Since I’m used to preparing mainly veggie meals, the transition to fully vegan lunch and dinners hasn’t been too stressful but it helps that I’ve been eating through the remains of my shellfish, which sates my carnivore side at the moment. Mostly I’m eating more bean salads and curries.

Snacks

One challenge I knew to plan for was problem-solving my cheese love. Cheese with whole grain crackers is my main snack, especially in the evening. I’ve replaced them with homemade guacamole, bean dips, and salsa. That and tapenades. I have completely fallen in love with homemade tapenade spreads so now my cheese snacks will be occasionally missed but I’m super excited to try a variety of tapenade and bruschetta recipes!

The Pantry

As we approach January 31st, my vegan pantry is growing while my non-vegan supplies dwindle. I’m well on my way to making the deadline but last week I kept finding unexpected items in my cabinets like a tin of anchovies, a tilapia fillet and one-off items that made me smack myself on the forehead. Right now I’m down to a pound of mussels, mayo, fish sauce and some sweetened condensed milk I use now and again to make chocolate milk and Thai iced teas. All that is manageable to either eat or toss without feeling like I’ve wasted tons of money.

My grocery shopping hasn’t changed too much other than grabbing a few more veggie items. I bought a couple of meat replacements like “chickn” or vegan “sausage” for moments when I get that savory, meat craving. I chose items with decent ingredients (some brands are really chemical-heavy) but they’re still fairly processed and most everything contains gluten so I use them sparingly. Mostly they are crutches.

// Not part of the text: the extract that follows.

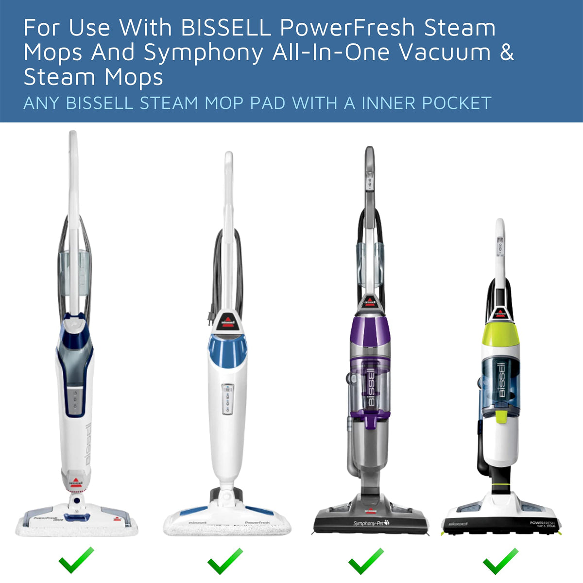 Q: What types of Bissell steam mops are compatible with these fragrance discs?A: These fragrance discs are compatible with various Bissell PowerFresh Steam Mop models including the 1940 series, PowerFresh Deluxe Steam Mop 1806 series, and Symphony All-in-One Vacuum & Steam Mop Series. Please refer to the product description for a complete list of compatible models.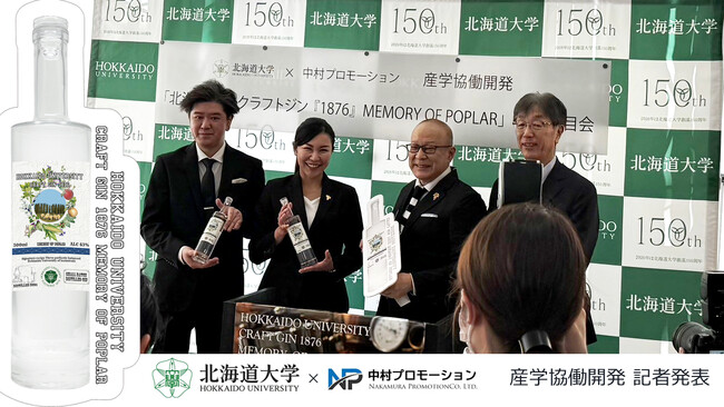 株式会社中村プロモーション https://www.nakamura-prm.com/ (本社060-0909 札幌市東区北9条東1丁目1-14 中村BILD 1F)、北海道大学 https://www.hokudai.ac.jp/ は、産学協働開発として札幌キャンパス内の植物を使用したクラフトジンを手がけました。

The takeaway: So far so good. The craving challenge isn’t too tough thanks to delicious replacement foods that are also easy to make and keep on hand. What did you find or are finding tough when going vegan and how did you problem solve? Would love to hear your thoughts!

woman meditating on rock
Photo by Felipe Borges on Pexels.com

100 Meditation Hours Challenge

This challenge is all about developing a regular meditation routine via meditating 100 hours across the year. Because I’m accountable to you lovely readers, I put in the sitting time. It would be so embarrassing to slip up! This means at the end of 3 weeks, I’ve clocked 9 hours and 15 minutes.

That said, I do find it difficult to develop a routine in terms of when to meditate. Ideally I’d like to have a specific time in the morning. From past experience I know that the later it gets in the day, the less likely I will be to meditate. If I leave it till before bed, I just fall asleep or constantly nod off – not great! In the morning though I am energetic and tend to have better sessions without being sleepy or too distracted.

Scheduling is often a challenge for new meditators. Having a consistent time and place is ideal because it forms a structure that reinforces our practice and habit. Plus, our hectic lives can ruin our best intentions unless we schedule our meditation time and prioritize it like we would the times we set for heading out to work or having dinner.

The takeaway: Right now I’m happy that I’m sitting so consistently but know going forward that I need to problem-solve a fixed time to sit, taking into consideration that my schedule fluctuates depending on whether I have guests that day (I’ve been an Airbnb host for the last 6 months).

How is your meditation challenge going? What is challenging you and how do you think you can problem solve it for better results? I’d love to know your thoughts!

21 Days Make a Habit

It’s general wisdom that it takes 21 days to form a new habit. We’re into that period now with our New Year’s resolutions so while it’s not necessarily make or break time, this is the period when we might struggle more, lose motivation, backslide or give up. The trick is not to beat ourselves up and quit, but to realize we are only human and can’t be perfect all the time – especially at something new. Instead, we need to reaffirm our commitment, problem-solve our weaknesses, bolster our strengths and smile at the progress we make. In time, we’ll be smiling more and more and feel proud of what we’re accomplishing.